PROVIDED DATA
══════

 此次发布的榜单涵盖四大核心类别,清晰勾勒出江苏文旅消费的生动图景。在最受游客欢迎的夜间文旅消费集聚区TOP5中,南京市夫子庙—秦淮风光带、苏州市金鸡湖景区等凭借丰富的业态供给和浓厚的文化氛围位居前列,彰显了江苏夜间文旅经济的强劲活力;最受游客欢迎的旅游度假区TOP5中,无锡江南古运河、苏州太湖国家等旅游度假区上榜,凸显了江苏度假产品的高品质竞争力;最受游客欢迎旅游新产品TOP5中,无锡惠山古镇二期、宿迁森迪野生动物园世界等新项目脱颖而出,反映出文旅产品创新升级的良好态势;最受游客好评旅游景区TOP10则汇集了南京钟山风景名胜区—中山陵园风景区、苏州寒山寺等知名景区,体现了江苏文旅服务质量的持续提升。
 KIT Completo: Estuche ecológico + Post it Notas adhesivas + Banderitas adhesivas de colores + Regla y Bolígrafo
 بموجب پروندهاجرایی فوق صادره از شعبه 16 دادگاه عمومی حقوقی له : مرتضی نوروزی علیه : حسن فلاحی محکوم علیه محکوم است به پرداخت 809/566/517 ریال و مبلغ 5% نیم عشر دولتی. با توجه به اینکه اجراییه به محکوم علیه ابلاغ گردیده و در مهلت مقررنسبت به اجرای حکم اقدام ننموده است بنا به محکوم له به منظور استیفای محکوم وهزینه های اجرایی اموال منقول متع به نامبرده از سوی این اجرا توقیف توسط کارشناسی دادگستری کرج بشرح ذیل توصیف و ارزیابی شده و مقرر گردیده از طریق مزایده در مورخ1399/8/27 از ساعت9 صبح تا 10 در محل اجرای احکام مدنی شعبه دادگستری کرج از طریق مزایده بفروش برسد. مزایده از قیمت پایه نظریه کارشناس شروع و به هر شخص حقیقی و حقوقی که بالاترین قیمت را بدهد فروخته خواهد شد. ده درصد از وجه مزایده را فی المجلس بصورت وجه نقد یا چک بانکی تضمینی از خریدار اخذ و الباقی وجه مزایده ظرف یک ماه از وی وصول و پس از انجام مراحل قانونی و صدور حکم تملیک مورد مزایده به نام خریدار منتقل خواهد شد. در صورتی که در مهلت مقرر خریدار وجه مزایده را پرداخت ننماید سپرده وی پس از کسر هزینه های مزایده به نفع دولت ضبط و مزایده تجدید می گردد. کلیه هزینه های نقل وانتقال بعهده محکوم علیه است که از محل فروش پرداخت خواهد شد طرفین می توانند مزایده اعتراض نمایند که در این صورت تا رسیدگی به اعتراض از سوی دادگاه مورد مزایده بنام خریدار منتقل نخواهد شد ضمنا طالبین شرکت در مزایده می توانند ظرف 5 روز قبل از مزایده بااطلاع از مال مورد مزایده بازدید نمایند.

══════

Your task is to reproduce all the material exactly as it stands.

 此次发布的榜单涵盖四大核心类别,清晰勾勒出江苏文旅消费的生动图景。在最受游客欢迎的夜间文旅消费集聚区TOP5中,南京市夫子庙—秦淮风光带、苏州市金鸡湖景区等凭借丰富的业态供给和浓厚的文化氛围位居前列,彰显了江苏夜间文旅经济的强劲活力;最受游客欢迎的旅游度假区TOP5中,无锡江南古运河、苏州太湖国家等旅游度假区上榜,凸显了江苏度假产品的高品质竞争力;最受游客欢迎旅游新产品TOP5中,无锡惠山古镇二期、宿迁森迪野生动物园世界等新项目脱颖而出,反映出文旅产品创新升级的良好态势;最受游客好评旅游景区TOP10则汇集了南京钟山风景名胜区—中山陵园风景区、苏州寒山寺等知名景区,体现了江苏文旅服务质量的持续提升。
 KIT Completo: Estuche ecológico + Post it Notas adhesivas + Banderitas adhesivas de colores + Regla y Bolígrafo
 بموجب پروندهاجرایی فوق صادره از شعبه 16 دادگاه عمومی حقوقی له : مرتضی نوروزی علیه : حسن فلاحی محکوم علیه محکوم است به پرداخت 809/566/517 ریال و مبلغ 5% نیم عشر دولتی. با توجه به اینکه اجراییه به محکوم علیه ابلاغ گردیده و در مهلت مقررنسبت به اجرای حکم اقدام ننموده است بنا به محکوم له به منظور استیفای محکوم وهزینه های اجرایی اموال منقول متع به نامبرده از سوی این اجرا توقیف توسط کارشناسی دادگستری کرج بشرح ذیل توصیف و ارزیابی شده و مقرر گردیده از طریق مزایده در مورخ1399/8/27 از ساعت9 صبح تا 10 در محل اجرای احکام مدنی شعبه دادگستری کرج از طریق مزایده بفروش برسد. مزایده از قیمت پایه نظریه کارشناس شروع و به هر شخص حقیقی و حقوقی که بالاترین قیمت را بدهد فروخته خواهد شد. ده درصد از وجه مزایده را فی المجلس بصورت وجه نقد یا چک بانکی تضمینی از خریدار اخذ و الباقی وجه مزایده ظرف یک ماه از وی وصول و پس از انجام مراحل قانونی و صدور حکم تملیک مورد مزایده به نام خریدار منتقل خواهد شد. در صورتی که در مهلت مقرر خریدار وجه مزایده را پرداخت ننماید سپرده وی پس از کسر هزینه های مزایده به نفع دولت ضبط و مزایده تجدید می گردد. کلیه هزینه های نقل وانتقال بعهده محکوم علیه است که از محل فروش پرداخت خواهد شد طرفین می توانند مزایده اعتراض نمایند که در این صورت تا رسیدگی به اعتراض از سوی دادگاه مورد مزایده بنام خریدار منتقل نخواهد شد ضمنا طالبین شرکت در مزایده می توانند ظرف 5 روز قبل از مزایده بااطلاع از مال مورد مزایده بازدید نمایند.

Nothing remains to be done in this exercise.